Кстати сказать, удивительно в США за день замусоривают города. Бросают на землю все: газеты, окурки, пустые пакеты — ну решительно все, что только можно швырнуть на землю. Урн как будто и не существует, хотя они всегда к вашим услугам. К моему удивлению, и в кино и даже в театрах тоже все бросают на нейлоновые ковры, которыми устланы полы. Стаканчики от мороженого, пепел сигарет, коробки и обертки от конфет, бумажные стаканчики и пакетики из?под воды летят туда же вместе со льдом, не успевшим растаять. К концу антракта в фойе театра мои ноги утопали в ворохе мусора. Так принято, впрочем, и в Лондоне, и в Париже, и в Гааге. Когда я в последний раз был в Англии, я позволил себе заметить одной даме, члену парламента:

— В Лондоне стало грязнее. Очень замусоривают город.

Дама отпарировала:

— Да. Дисциплины нет.

Я оценил этот ее милый ехидный ответ. Но, мне думается, дело не в дисциплине, а в самодисциплине. И я рад, что у нас в Москве, Ленинграде, Киеве или Горьком жители стараются не швырять всякий хлам на улицах.
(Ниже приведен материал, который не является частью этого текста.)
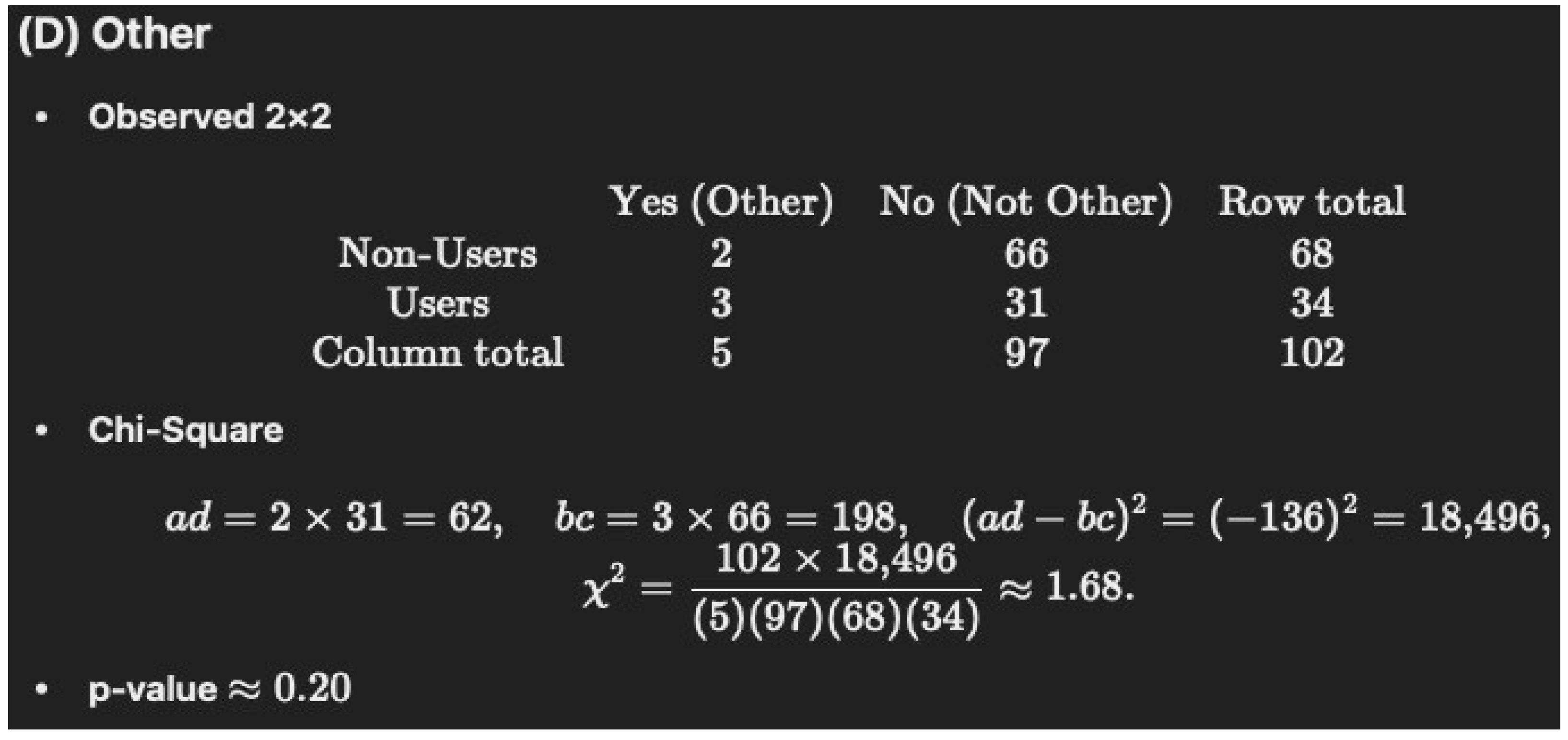 Non-Users (N = 68): 4/68 = 5.88% (rounded to 5.8%)

Нью — Йорк, как и все города мира, ложится спать часов в десять вечера. В это время пусто и в Париже, и в Лондоне, и в Будапеште. Но, как и в человеческом организме, в городах, особенно в огромных городах, есть очаги, бодрствующие и во сне. В Париже — это Пляс — Пигаль, Монмартр, Елисейские поля и еще разбросанные кое — где кабачки и ресторанчики. В Лондоне — Сохо (было!) и Пикадилли. В Будапеште — ночные клубы и рестораны в Пеште. В Сан — Франциско — Хейд — Эшбери, в Нью — Йорке — Гринич — вилледж и Бродвей с 42–й улицей и Медиссон — сквером. Там идет — так называемая ночная жизнь города.

Очень она интересна, особенно мне: у нас в Москве нет ночной жизни, совсем нет. (Не забывайте, читатель, что я писал эти строки задолго до всяческих кардинальных перемен. Теперь, к сожалению, ночная жизнь появилась и у нас. — В. Р.) Откровенно говоря, в Москве она мне и не позарез, как, думаю, и обыкновенному парижанину не позарез Пляс — Пигаль или жителю Гамбурга — Репербан. Кстати сказать, более похабного места я на земле не видел. Этим я вовсе не хочу сказать, что на земле нет более похабного места, чем Репербан; вполне возможно, что и есть, я просто хочу сказать, что я не видел. Другие, может, и видели.

Я непременно напишу, хотя бы вкратце, и о Пляс — Пигаль, и о Сохо, и о Репербане. Это тоже интересно, поучительно и даже захватывающе. Что греха таить, наши советские граждане, попадая в буржуазные страны, так и рвутся поскорей вечерком побывать в этих злачных местах. И стоит, товарищи, стоит, интересно. Это совсем не значит, что надо быть там деятельным участником, но полюбопытствуйте непременно. Правда, запах порока — влекущий запах, дурманящий, но, я думаю, все же не такой опасный, чтобы против него нельзя было устоять.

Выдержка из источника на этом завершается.